Вы сильно мне льстите, полагая, будто я человек мыслящий, пытающийся в свое творчество вкрапливать некие определенные размышления. Возможно, со мной происходит то же, что с господином Журденом: он не подозревал, что говорит прозой. Поэтому, если в мои романы затесались какие-то размышления, то я наверняка не ввожу их из любви к большой науке и посланий обществу. Я уже множество раз повторял, что литература для меня не амвон и не гора, с которой я читаю проповеди и оглашаю наставления. Она для меня даже не ящик из-под яблок в Гайд-парке, с высот которого я мог бы выкрикивать свои истины: «The end is near!», «The monster is coming!» [102] Все намеки на то, что дело обстоит иначе, даже если они исходят из столь лестного для меня предположения, будто аз есмь особа мыслящая, — безосновательны. Я пишу не о смерти, а о другом. Тему умирания, а также расставания с этим миром, я в писательстве и в жизни считаю нормальным явлением. Это биологический факт, с которым надобно согласиться и с которого следует скинуть всю мистическую оболочку, ибо он таковой не обладает.

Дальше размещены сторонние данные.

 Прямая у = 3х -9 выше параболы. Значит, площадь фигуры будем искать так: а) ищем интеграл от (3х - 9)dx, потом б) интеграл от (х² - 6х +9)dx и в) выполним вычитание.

— Когда мои дочери были помладше, я поехал с ними за город. Они были поражены, увидев кур и коров, то есть продуцентов яиц и ходячий молокозавод. Признаться, раньше я не осознавал, сколь далеко новое поколение отошло от контакта с истинной природой. Точно так же молодые люди не знают, что такое смерть, и совершенно не подготовлены к ней. Наше поколение еще видело лагеря смерти, наши дети — уже нет. Что-то меняется.

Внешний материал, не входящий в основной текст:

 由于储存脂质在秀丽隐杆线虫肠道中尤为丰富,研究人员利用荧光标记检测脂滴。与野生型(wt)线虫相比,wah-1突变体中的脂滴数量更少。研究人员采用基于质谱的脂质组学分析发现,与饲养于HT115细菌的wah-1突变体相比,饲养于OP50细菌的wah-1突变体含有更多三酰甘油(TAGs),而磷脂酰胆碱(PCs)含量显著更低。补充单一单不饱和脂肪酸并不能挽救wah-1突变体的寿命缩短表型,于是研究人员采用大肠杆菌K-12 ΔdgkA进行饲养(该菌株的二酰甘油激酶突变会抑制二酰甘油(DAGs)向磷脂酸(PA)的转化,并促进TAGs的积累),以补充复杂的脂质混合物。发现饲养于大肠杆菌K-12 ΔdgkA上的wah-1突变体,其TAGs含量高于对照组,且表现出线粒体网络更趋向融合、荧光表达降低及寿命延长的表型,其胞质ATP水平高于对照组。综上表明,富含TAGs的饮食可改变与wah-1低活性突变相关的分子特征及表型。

— Наше поколение их действительно видело, но они не оставили во мне никаких травмирующих следов и не изменили — ни в позитивном, ни в негативном смысле — моей психики.
— Я не занимаюсь психоанализом вашего «Я». Просто пытаюсь понять, а не являемся ли мы как раз свидетелями определенных структурных изменений в области культуры. Следующие поколения смогут помещать дедушек в дом престарелых, а войну знать исключительно по телепоказам. Или это будут уже совсем другие люди?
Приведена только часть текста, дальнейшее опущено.